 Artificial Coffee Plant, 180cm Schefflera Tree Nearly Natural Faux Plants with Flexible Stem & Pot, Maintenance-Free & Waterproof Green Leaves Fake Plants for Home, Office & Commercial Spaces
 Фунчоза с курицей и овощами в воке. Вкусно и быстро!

_ _ _ _

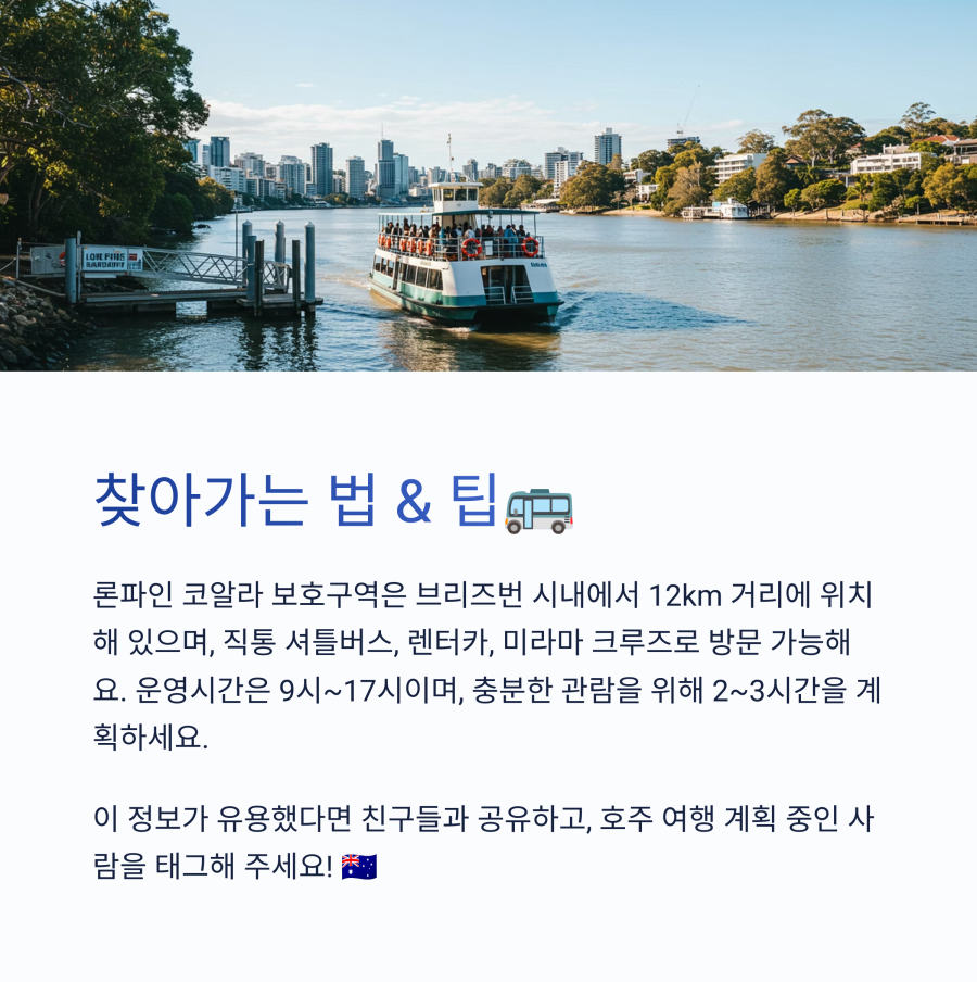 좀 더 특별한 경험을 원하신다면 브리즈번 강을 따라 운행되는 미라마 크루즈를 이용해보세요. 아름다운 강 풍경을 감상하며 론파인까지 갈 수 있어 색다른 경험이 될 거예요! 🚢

_ _ _ _

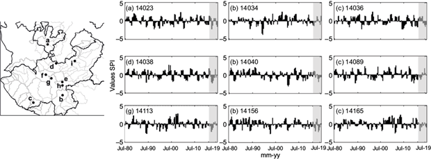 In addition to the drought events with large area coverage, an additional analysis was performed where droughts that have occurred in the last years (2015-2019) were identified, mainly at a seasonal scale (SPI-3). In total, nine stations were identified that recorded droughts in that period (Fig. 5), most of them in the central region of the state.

_ _ _ _

**Assignment:**
Find the line with "Artificial Coffee Plant, 180cm" in the material above. Reproduce it and each line after it up to and including the line with "Фунчоза с курицей".

**Output of the task:**
 Artificial Coffee Plant, 180cm Schefflera Tree Nearly Natural Faux Plants with Flexible Stem & Pot, Maintenance-Free & Waterproof Green Leaves Fake Plants for Home, Office & Commercial Spaces
 Фунчоза с курицей и овощами в воке. Вкусно и быстро!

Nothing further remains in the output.